Disappearance of university student

Diane Suzuki was a nineteen-year-old dancer and student at the University of Hawaiʻi at Mānoa who disappeared on July 6, 1985, and has since been the focus of one of the most notorious modern criminal investigations in the history of the state of Hawaii. The Diane Suzuki investigation was the first instance in which the Honolulu Police Department used luminol and other technological advances in forensic science.

==Disappearance==
Suzuki was a female resident of Halawa, 4 feet 11 inches tall, 109 pounds, with a slim build, and of Japanese descent. Suzuki was last seen at about 5 p.m. on July 6, 1985, outside the Rosalie Woodson Dance Academy in Aiea, where she was employed as a dance instructor.

During the same time period in Hawaii, there were the unsolved killings of at least nine women on Oahu, including the deaths of Lisa Au, Regina Sakamoto, and others all over the island. Five, including that of Sakamoto, in which the victims were found with their hands tied behind their back, were attributed to an unidentified serial killer known as the Honolulu Strangler. However, Suzuki's disappearance did not fit that profile.

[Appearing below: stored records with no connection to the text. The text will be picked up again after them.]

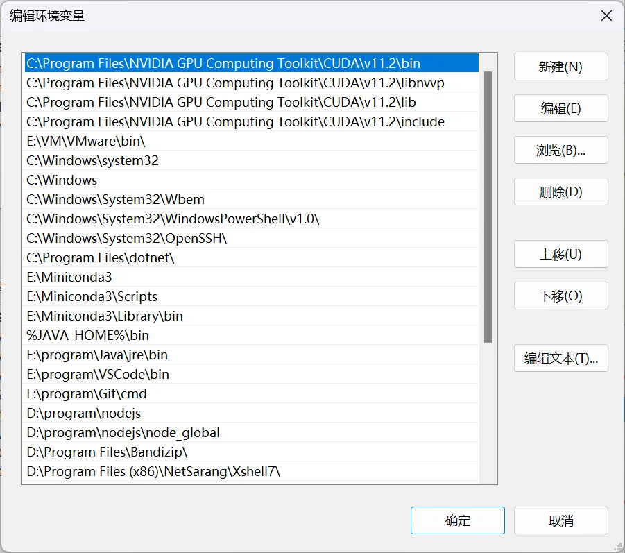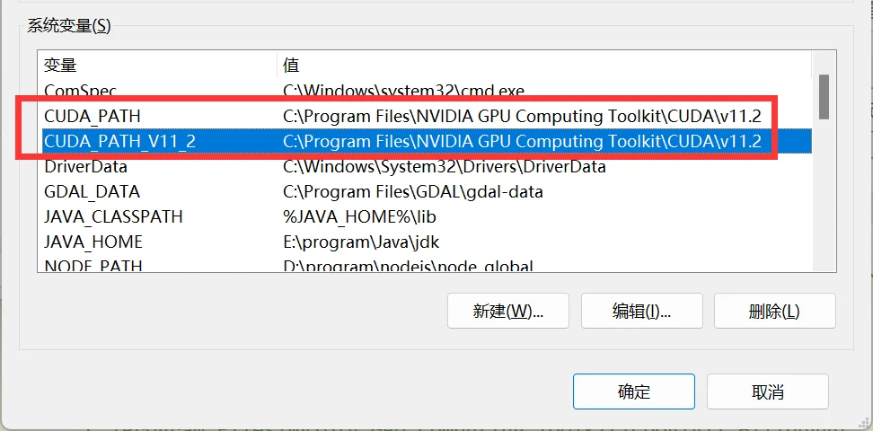 在成功安装 CUDA 后,系统会自动添加环境变量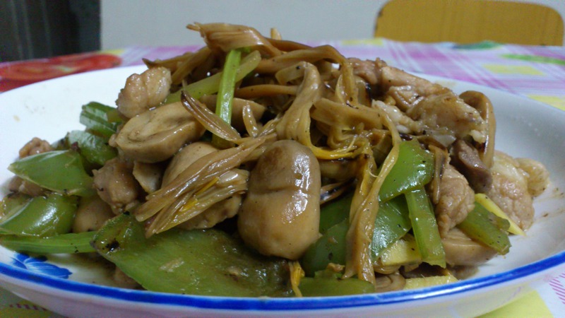 及以下步骤:把肉稍稍翻炒起锅 肉起锅后再加点油烧热 将蒜爆香 加入切段的芹菜 接着再把辣椒倒入锅内 芹菜辣椒先下锅 先把辣椒芹菜炒2、3分钟再倒入草菇 大火翻炒2、3分钟左右 再把黄花菜倒入锅内 揭盖加入姜丝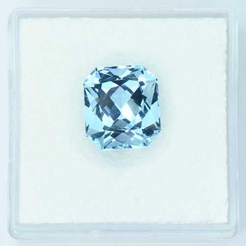 This Aquamarine is a true marvel, featuring an exceptional Radiant Cut that maximizes its brilliance. Its sky blue hue is nothing short of spectacular, reminiscent of a pristine summer sky. When the light dances upon its facets, an explosion of radiance ensues, captivating all who behold it. This gem embodies both elegance and vibrancy - light really enjoys itself within it. Flawless, beautifully cut. Superb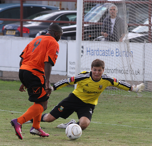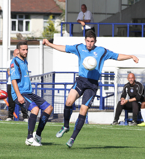 The Bank Holiday weekend saw, as usual, day-time games on Saturday and on Monday. The first against Kingstonian was played in rain that varied between persistent and go build an ark sayeth the lord proportions. It also saw Kingstonian demonstrate why many people have them pencilled in as favourites to get the automatic promotion spot at the end of the season – very well organised and very physical. Of course, it didn’t help that many of our players didn’t seem to have switched on that night and at least one – Hector – was forever slipping over! Wrong boot choice? I checked with him a couple of games later and can confirm wrong boots – moulded soles when proper studs would have been better. But choice – Hector didn’t have a choice. He only has the one set of boots 😦 Another example of the gap between higher leagues and the Ryman. Of the game, I can only say that Kingstonian deserved their victory but the referee contributed with a penalty decision that was expletive-deleted wrong. Weathers put in a perfectly good challenge to win the ball from the Kingstonian forward who then fell over his prostrate form. When challenged about the decision the referee said that he’d given the penalty for intent! Wow… wonderful decision… So lets have a penalty everytime a keeper comes out to punch a ball and any players head that happens to get in the way shall we? That’s real intent – absolutely ridiculous excuse for giving a wrong decision resulting in a potentially game changing goal.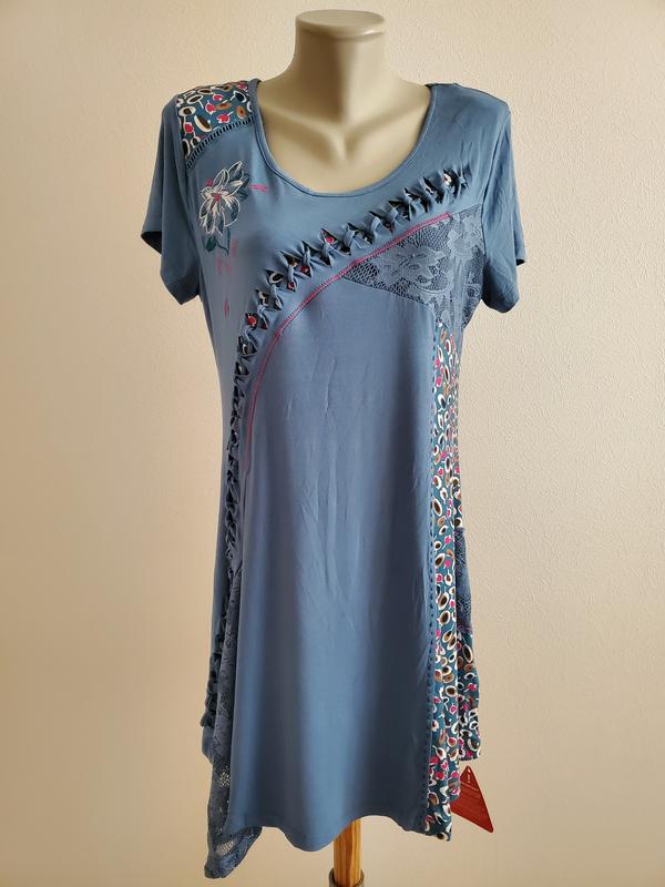 Без следов ношения. Трикотаж мягкий, приятный к телу, тянется. ПОГ 49, ПОТ 46, ПОБ 61, плечи 42, рукав 16, длина по спине 85 см.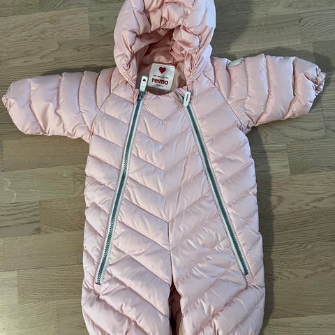 Ihana lämmin ja pehmeä Reiman Tilkkanen untuvahaalari / untuvamakuupussi vauvalle koossa 50/56. Mitoitus on reilu.

==Investigation and aftermath==
The discovery of blood evidence at the site led to legislation that overhauled Hawaii's harassment laws to include stalking, and changed the status of TRO violations to a class C felony (with a maximum penalty of 5 years in jail) in the hope of preventing further violence against women. In 1993, Keith Kaneshiro, who was then prosecuting attorney for the City and County of Honolulu, attempted to re-open the case, but after more than 300 hours of grand jury testimony and thousands of dollars spent on the investigation, no charges were filed. The case remains unsolved.

==Media==
Retired Honolulu Police Department Major Gary Dias wrote a book entitled Honolulu Cop including details on his investigation into the Au and Suzuki murders.